We are observing performance we don't understand when running the following query
SELECT *
FROM VARIANT USE INDEX GWAS_T2D_PVAL_MOST_DEL_13k_T2D_EA_MAF_IDX)
WHERE GWAS_T2D_PVALUE < .05 AND MOST_DEL_SCORE = 1;
which has the following EXPLAIN:
+----+-------------+---------+-------+-------------------------------------------+-------------------------------------------+---------+------+--------+-------------+
| id | select_type | table | type | possible_keys | key | key_len | ref | rows | Extra |
+----+-------------+---------+-------+-------------------------------------------+-------------------------------------------+---------+------+--------+-------------+
| 1 | SIMPLE | VARIANT | range | GWAS_T2D_PVAL_MOST_DEL_13k_T2D_EA_MAF_IDX | GWAS_T2D_PVAL_MOST_DEL_13k_T2D_EA_MAF_IDX | 10 | NULL | 280242 | Using where |
+----+-------------+---------+-------+-------------------------------------------+-------------------------------------------+---------+------+--------+-------------+
What happens is that the query takes a very long time to execute (~3 minutes) if it has not been run in a while (e.g. 8 hours), but afterwards takes <1s and returns 8 rows. We have two questions:
Why does the first query execution take so long? We assume this is because of some OS caching or paging issue, since the query cache is turned off, and closely related queries (e.g. replacing 0.05 with 0.1) also run fast the second time.
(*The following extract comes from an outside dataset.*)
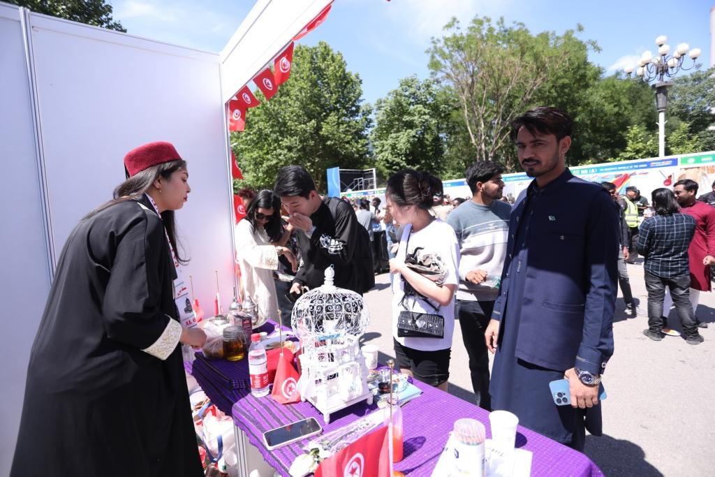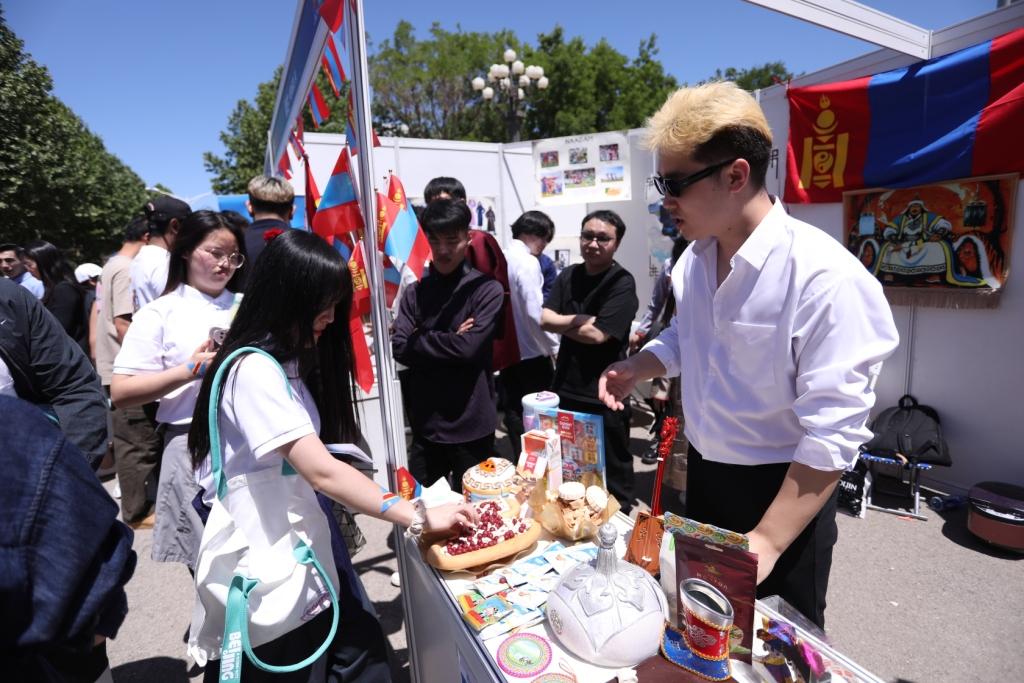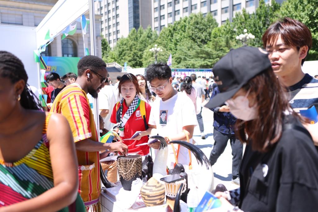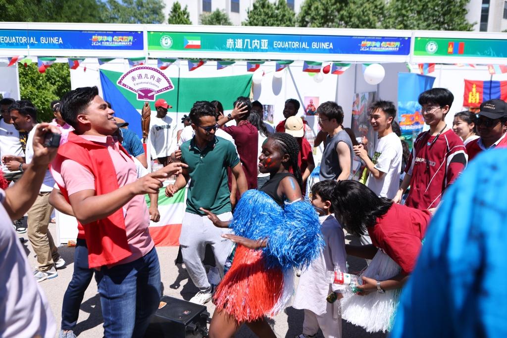 在各具特色的展棚现场,来自世界不同国家的民族艺术品、特色服饰、宣传画报、乐器和食物琳琅满目。中外员工以物品展示、亲身演示、趣味游戏等方式相互交流,现场气氛热烈。活动现场还推出了“国际巡游打卡”活动,现场师生可凭“定制护照”在各国展位盖章打卡,吸引了师生积极参与。

Why does this query ever take ~3 minutes, even with no caching and every page fetch going to disk? It only returns 8 rows, and shouldn't the index be able to directly seek to these 8 rows since the first two keys are on the two keys in the where clause? Why does explain estimate 280K rows scanned rather than 8? We ran an OPTIMIZE on the table and the estimate was still the same.
What is also confusing is that an explain when forcing to use an index on GWAS_T2D_PVALUE alone produces an estimate of 44K rows scanned, and an index on (GWAS_T2D_PVALUE, MOST_DEL_SCORE) produces and estimate of 32K rows scanned. Based on our understanding of multi-column indexes, why would query performance be any different for the 2 and 3 column indexes, and shouldn't both be far superior to the 1 column index?